Correct Answer: D
Explanation
Tasks in a stage may be executed by multiple machines at the same time.
This is correct. Within a single stage, tasks do not depend on each other. Executors on multiple machines may execute tasks belonging to the same stage on the respective partitions they are holding at the same time.
Different stages in a job may be executed in parallel.
No. Different stages in a job depend on each other and cannot be executed in parallel. The nuance is that every task in a stage may be executed in parallel by multiple machines.
For example, if a job consists of Stage A and Stage B, tasks belonging to those stages may not be executed in parallel. However, tasks from Stage A may be executed on multiple machines at the same time, with each machine running it on a different partition of the same dataset. Then, afterwards, tasks from Stage B may be executed on multiple machines at the same time.

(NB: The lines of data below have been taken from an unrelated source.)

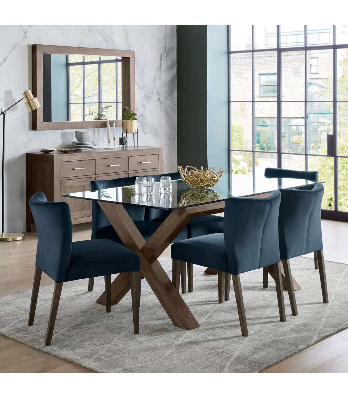 Söögilaud TURIN 180x90xH75cm. Lauaplaat: läbipaistev karastatud klaas. Jalad on valmistatud täistammepuidust ja viimistletud suitsutamme toonis puiduõliga.
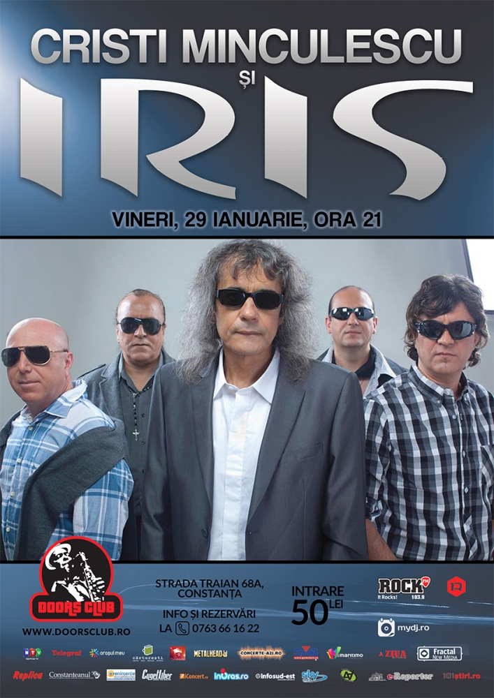 Constănțenii se vor bucura, la început de weekend, de un concert de senzație, care aduce în prim-plan câțiva artiști din generația de aur a rock-ului autohton. Astfel, publicul de la malul mării este invitat vineri, 29 ianuarie, de la ora 21.00, în clubul constănțean Doors, pentru a urmări un recital incendiar oferit de Cristi Minculescu & Iris. Astfel, pe scena clubului vor cânta: Cristi Minculescu (voce), Nelu Dumitrescu (tobe), Valter Popa (chitară), Doru Borobeică (bas) şi Relu Marin (clape), care vor include în repertoriul de concert și hiturile Iris, de pe cele 19 albume lansate de-a lungul timpului.
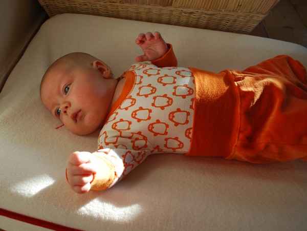 Unlike Ingrid he likes his dummy and wants to suck on it when going to sleep, no matter whether in bed or in sling. Also unlike Ingrid he does not like the pushchair or the pram. Both have been banished to the basement for the time being.
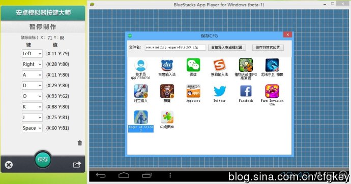 新弹出的保存按钮会显示你模拟器内几经安装过的应用(前提是你已经安装了模拟器),你点击游戏的图标,会自动生成要保存的文件名,(生成的脚本的名称,每个游戏都不同,是一一对应的) ,有了文件名你可以直接导入到安卓模拟器里,也可以保存到其它位置然后分享给你的朋友。

Stages may contain multiple actions, narrow, and wide transformations.
No, stages may not contain multiple wide transformations. Wide transformations mean that shuffling is required. Shuffling typically terminates a stage though, because data needs to be exchanged across the cluster. This data exchange often causes partitions to change and rearrange, making it impossible to perform tasks in parallel on the same dataset.
Stages ephemerally store transactions, before they are committed through actions.
No, this does not make sense. Stages do not "store" any data. Transactions are not "committed" in Spark.
Stages consist of one or more jobs.
No, it is the other way around: Jobs consist of one more stages.
More info: Spark: The Definitive Guide, Chapter 15.